In case you have been living under a rock for the last 10 years, the USA has some serious fiscal issues and debt problems that must be addressed, and the Tea Party is the movement that is going dedicated to demand fiscal responsibility. These are the most serious issues of our time, and we should question the motives of the people who are not only spreading hate and lies, but equally devastating is the slight-of-hand to take our eyes off the crucial issue of debts and deficits.
The Winston Group, a GOP polling firm, last year showed that 13 percent of tea partiers were Democrats; Gallup put the number at 15 percent.
On the lower end, the number was 9 percent in a TargetPoint poll and just 4 percent in a CNN-Opinion Research poll.
More recently, a poll for Resurgent Republic, a Republican-aligned conglomerate of pollsters and consultants, showed that 11 percent of those who viewed the tea party favorably were Democrats. (That’s not an ideal measure, of course, since one need not be a tea party member to view it favorably.)
Who are these tea party Democrats?
Republican pollster Dan Hazelwood said that just as some Democrats moved to the GOP because of social issues in recent decades, some are now moving to the tea party because of fiscal issues.
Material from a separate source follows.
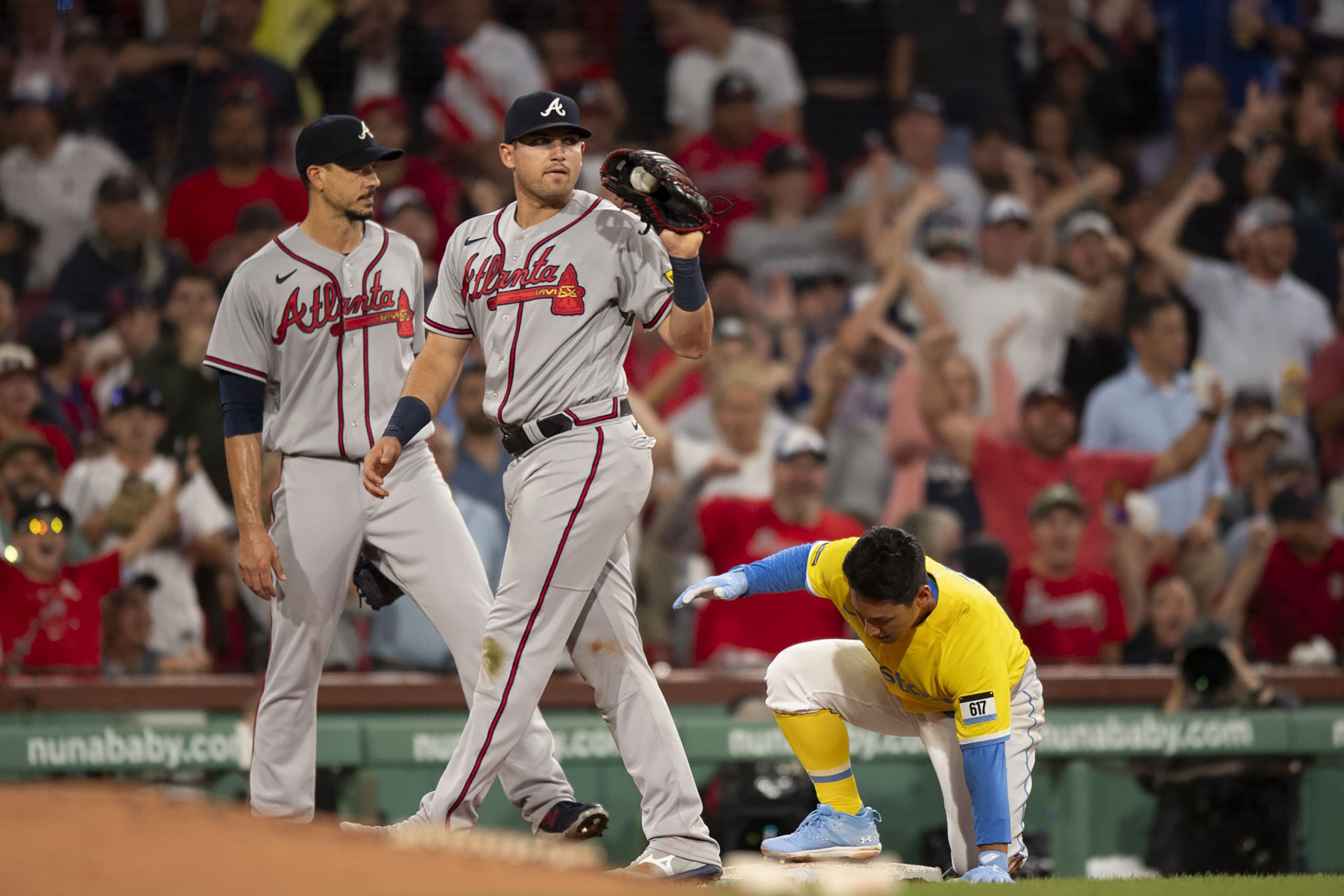 Photo Credit: Austin Riley #27 of the Atlanta Braves reacts after tagging out Masataka Yoshida #7 as he attempts to advance to third base to record the third out of a triple play during the third inning of a game on July 25, 2023 at Fenway Park in Boston, Massachusetts. (Photo by Billie Weiss/Boston Red Sox/Getty Images)

“They have the same populist point of view of the rest of the tea party movement,” Hazelwood said. “Their ideal would be a Dennis Kucinich type who was anti-spending and for budget austerity. So they are people who are adrift on the left because of spending and on the right because of social issues.”
Though there has been some intermingling between the two camps, the country has yet to see a formidable Democrat emerge as a tea party candidate.
In the 2010 election cycle, the Tea Party Express endorsed a “Blue Dog” Democrat, Rep. Walt Minnick of Idaho, in his unsuccessful reelection bid
Former Democratic nominee Jack Davis ran on the “Tea Party” line in the recent New York special election but received just 9 percent of the vote. (Davis had run three times before as a Democrat and seemed to have a flexible ideology.)
There was also a Democratic tea party supporter who ran a meagerly funded primary campaign against Rep. Kathy Castor (D-Fla.) in 2010, taking 15 percent of the vote.